Hypersonic Technology:
• India has been working on this for a few years, and is just behind the US, Russia and China.
• DRDO successfully tested a Hypersonic Technology Demonstrated Vehicle (HSTDV) in September 2020, and demonstrated its hypersonic air-breathing scramjet technology.
• India has developed its own cryogenic engine and demonstrated it in a 23-second flight.
• India will try to make a hypersonic cruise missile, using HSTDV.Only Russia has proven its hypersonic missile capability so far, while China has demonstrated its HGV capacity.India is expected to be able to have a hypersonic weapons system within four years, with medium- to long-range capabilities.

Significance:
• Missile technology is one field in which India has made very positive and substantial progress.

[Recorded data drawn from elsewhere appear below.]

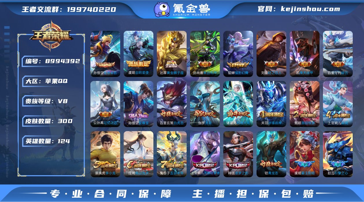实名: 可修改 贵族等级: V8 英雄数: 124 皮肤数: 300 荣耀水晶: 全息碎影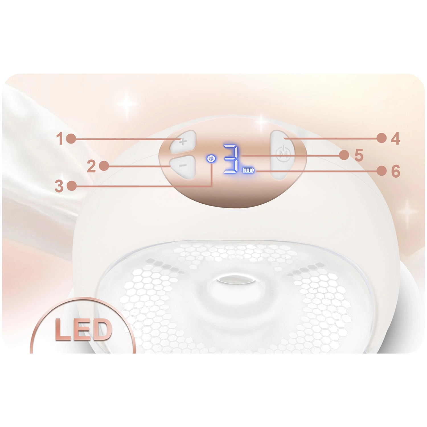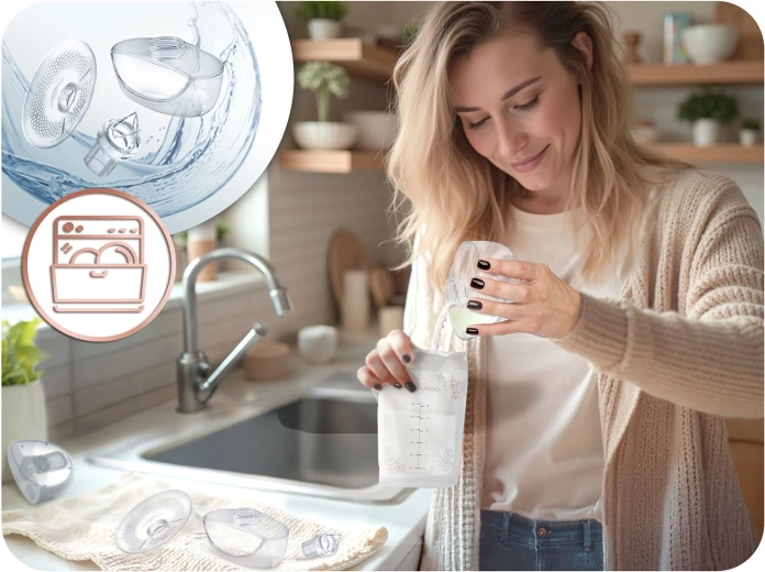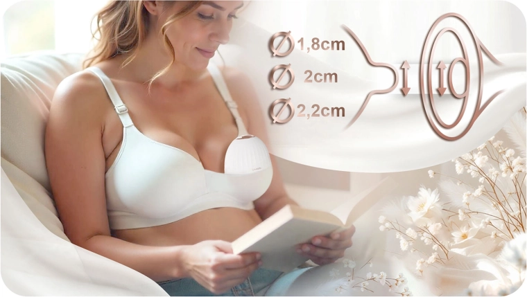 Dzięki bezprzewodowemu działaniu i ładowaniu przez USB‑C łatwo zabierzesz laktator do pracy, w podróż czy na wypoczynek. Silikonowe nakładki masujące w trzech rozmiarach delikatnie stymulują wypływ mleka i zapewniają przyjemną ulgę. Pojemnik o objętości 150 ml ma bezpieczny korek przeciw rozlaniu. Wszystkie niemotoryzowane części można myć w zmywarce, co oszczędza czas i zapewnia wysoką higienę.
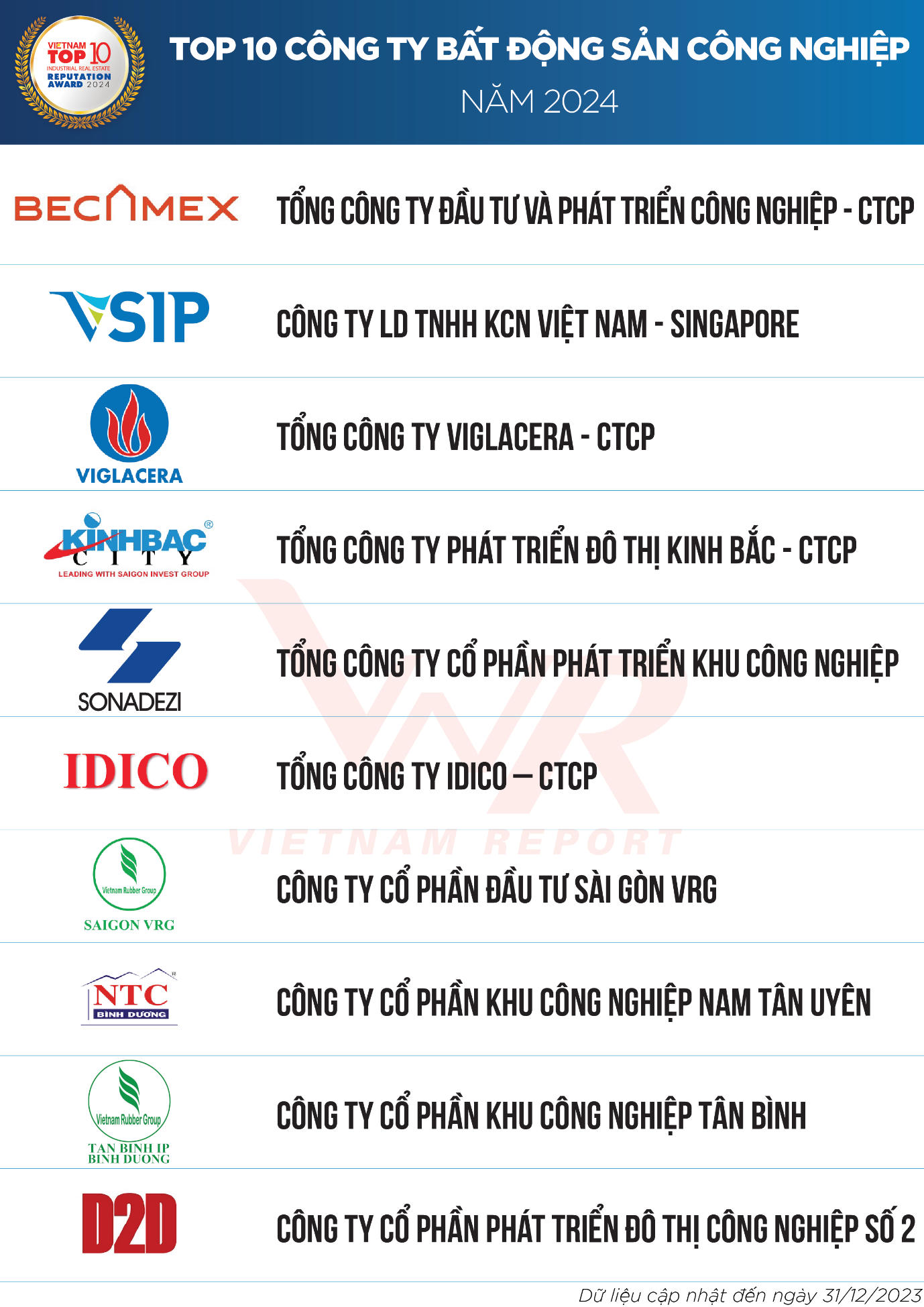 Riêng về BĐS công nghiệp, Top 10 Công ty gồm: Tổng Công ty Đầu tư và Phát triển Công nghiệp - CTCP; Công ty LD TNHH KCN Việt Nam - Singapore; Tổng Công ty Viglacera - CTCP; Tổng Công ty Phát triển Đô thị Kinh Bắc - CTCP; Tổng CTCT Phát triển Khu Công Nghiệp; Tổng Công ty Idico - CTCP; CTCT Đầu tư Sài Gòn VRG; CTCT Khu công nghiệp Nam Tân Uyên; CTCT Khu công nghiệp Tân Bình; CTCT Phát triển Đô thị Công nghiệp Số 2.

• Under the IGMP then headed by A P J Abdul Kalam, later India’s President, first came Prithvi, then Agni.
• BrahMos, at 2.5-3 times the speed of sound, was among the fastest in the world when developed.
• After the nuclear blast in 1998, cryogenic etc were not given to us by developed countries. Kalam and others, they made it a point that they developed it within the country.

Comparison with China and Pakistan:
• While China is ahead of India, a lot of things about China are psychological.China may have either achieved parity or even exceeded the US in land-based conventional ballistic and cruise missile capabilities.
• China’s missile development is definitely a concern for us, but we will definitely evolve.
• It has given the technology to the irresponsible hands of Pakistan. But getting technology and really using it, and thereafter evolving and adopting a policy is totally different.